Unauthorized Access

In 2009 and earlier, I blogged a few times about the Lori Drew case, in which a woman was prosecuted under federal hacking laws for violating MySpace’s terms of service. I drafted but never posted a follow-up of the US government’s continuing to pursue that legal interpretation in an even stronger form: “exceeding authorized access” (federal hacking felony) includes violating your access privileges in any way. That includes checking the news/weather at work when the office policy says, “no personal internet use.” That includes swearing in World of Warcraft or violating the ToS in any game. And that argument is winning. Granted, Ninth Circuit; granted, divided; but this is one of the most powerful enablings of selective prosecution you are likely to see this month.

A legal interpretation holding that checking the weather is a federal felony is clearly insane, but it is not clearly wrong. It is not even necessarily an unfair reading of the plain wording of the statute.

: Zubon

6 thoughts on “Unauthorized Access”

  1. This is why we need a new legal framework pertaining to the internet. Until small details like this are set in stone one way or the other, people will continue to exploit the loopholes whenever and however it suits them, to the disadvantage of everyone.

    The trouble is, the people generally making and upholding the laws are still of the generation that does not use the internet as widely, and therefore does not necessarily understand the nuances of its use.

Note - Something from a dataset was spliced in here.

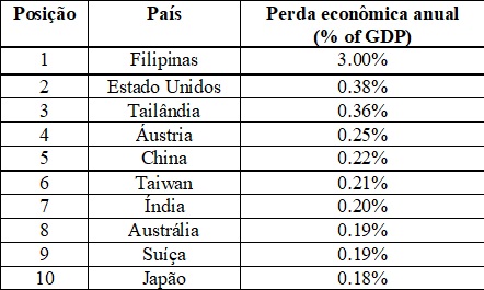 - Atualmente, a economia dos EUA perde quase 0,4% do PIB (USD 97 bilhões), enquanto as Filipinas perdem 3% do PIB (USD 12 bilhões) devido aos quatro perigos meteorológicos, e, ao mesmo tempo, estão expostos à intensificação de riscos no futuro

    In a generation or so, pretty much everyone alive will have spent most of their lives using or being aware of this technology, and that’s when laws and the legal approach to the internet will begin to change. Or so I suspect, anyway.

    it remains to be seen how the new series of laws fill fall, of course. I expect it will vary greatly by country, as with everything else.

  2. Most of my “facts” are things I heard on BBC Radio 4 or read in the Guardian, which I remember only in the vaguest outline. With that caveat, I believe that businesses in the U.K. are prevented by E.U. law from completely barring employees from all personal use of communications technology while at work.

    As I recall, there is a legal obligation to provide, or at least not forbid, reasonable use for the continuation of normal family life. For example, if you needed to check the weather online because it could affect your journey time back from work and thereby impact your childcare arrangements, I would imagine that your employer would not just be unable legally to prevent you, but might even have a legal obligation to facilitate your enquiry.

    With that said, I would personally be in favor of a strict interpretation of internet access at work. I think that criminalizing simple time-wasting is a step too far, though. Breaches of the terms of your employment could and should be dealt with through the internal processes of the company or, at worst, through the civil courts or appropriate tribunals.

    In the end, how much internet access your employer allows you and under what terms is one of the many factors that differentiates one workplace from another. If being able to maintain your Blog in work time is important to you, then you probably need to find an employer whose corporate philosophy (or local management practice) permits it.

  3. The Ninth is easily our most valuable circuit, because they overrreach to such an extent that they make it easy for the Supreme Court to stand for individual liberty.

    It would be nice to think of the Ninth as a gang of smart trolls, saying the most outrageous things in order to provoke readers (the Supreme Court) to the opposite conclusion in a thoughtful manner. Of course that would be wrong. They really are idiots.

    But they’re useful idiots, in that they provoke reversal so often.

  4. Yay! PMITA jail time for all trolls, I say! On a more serious note, enjoy your crypto-fascist state’s development period, guys. It’s seriously educational, especially towards the end.

  5. Are you claiming that passing laws at the height of emotional tension to hurry and placate the mob can backfire? That is ridiculous, we have to never squander a good crisis. After a tragedy is the perfect moment to dive in and hurriedly pass sweeping new legislation, there is no time to think about the repercussions!